Side benefit: future GetViewerByUdid lookups now short-circuit to
V_old without going through the Steam handler.

Co-Authored-By: Claude Opus 4.7 <noreply@anthropic.com>
---
 .../Repositories/Viewer/IViewerRepository.cs  |  7 ++
 .../Repositories/Viewer/ViewerRepository.cs   | 27 ++++++
 .../Controllers/CheckController.cs            |  4 +
 .../Controllers/CheckControllerTests.cs       | 92 +++++++++++++++++++
 4 files changed, 130 insertions(+)

diff --git a/SVSim.Database/Repositories/Viewer/IViewerRepository.cs b/SVSim.Database/Repositories/Viewer/IViewerRepository.cs
index f465783..d032ebf 100644
--- a/SVSim.Database/Repositories/Viewer/IViewerRepository.cs
+++ b/SVSim.Database/Repositories/Viewer/IViewerRepository.cs
@@ -13,4 +13,11 @@ public interface IViewerRepository
         ulong socialAccountIdentifier, ulong? shortUdid = null);
     Task<Models.Viewer> RegisterAnonymousViewer(Guid udid);
     Task LinkSteamToViewer(long viewerId, ulong steamId);
+
+    /// <summary>
+    /// Merges an anonymous viewer (just created by <c>/tool/signup</c> on a fresh UDID)
+    /// into a target viewer that the Steam ticket resolved to.

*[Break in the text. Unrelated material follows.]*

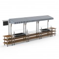 Mogogo Buffet Solutions Modular Pro Fish Market, 3-tier, 272" x 34" x 95-1/2"H, rectangular, stainless steel top, (2) ice bins, (2) breath guards, high density bamboo finishs, white/blue canopy, brushed stainless steel legs, knockdown

Transfers the anonymous
+    /// viewer's UDID to the target, then deletes the anonymous viewer.
+    /// </summary>
+    Task MergeAnonymousViewerInto(long anonymousViewerId, long targetViewerId);
 }
diff --git a/SVSim.Database/Repositories/Viewer/ViewerRepository.cs b/SVSim.Database/Repositories/Viewer/ViewerRepository.cs
index bbedc17..d60ce5e 100644
--- a/SVSim.Database/Repositories/Viewer/ViewerRepository.cs
+++ b/SVSim.Database/Repositories/Viewer/ViewerRepository.cs
@@ -182,6 +182,33 @@ public class ViewerRepository : IViewerRepository
         return false;
     }
 
+    public async Task MergeAnonymousViewerInto(long anonymousViewerId, long targetViewerId)
+    {
+        if (anonymousViewerId == targetViewerId) return;
+
+        var anon = await _dbContext.Set<Models.Viewer>()
+            .FirstOrDefaultAsync(v => v.Id == anonymousViewerId);
+        if (anon is null) return;
+
+        var target = await _dbContext.Set<Models.Viewer>()
+            .FirstOrDefaultAsync(v => v.Id == targetViewerId)
+            ?? throw new InvalidOperationException(
+                $"Cannot merge anonymous viewer {anonymousViewerId}: target viewer {targetViewerId} not found.");
+
+        // Two saves: free the UDID slot on the anonymous viewer first (drops the unique-index
+        // conflict), then reassign to the target and delete the anonymous row in the second
+        // save. The partial-failure mode (first save succeeds, second fails) leaves a benign
+        // null-UDID viewer that no client can resolve to — never two rows contending for the
+        // same UDID, which is the failure we actually need to prevent.
+        Guid? freedUdid = anon.Udid;
+        anon.Udid = null;
+        await _dbContext.SaveChangesAsync();
+
+        target.Udid = freedUdid;
+        _dbContext.Set<Models.Viewer>().Remove(anon);
+        await _dbContext.SaveChangesAsync();
+    }
+
     public async Task LinkSteamToViewer(long viewerId, ulong steamId)
     {
         var viewer = await _dbContext.Set<Models.Viewer>()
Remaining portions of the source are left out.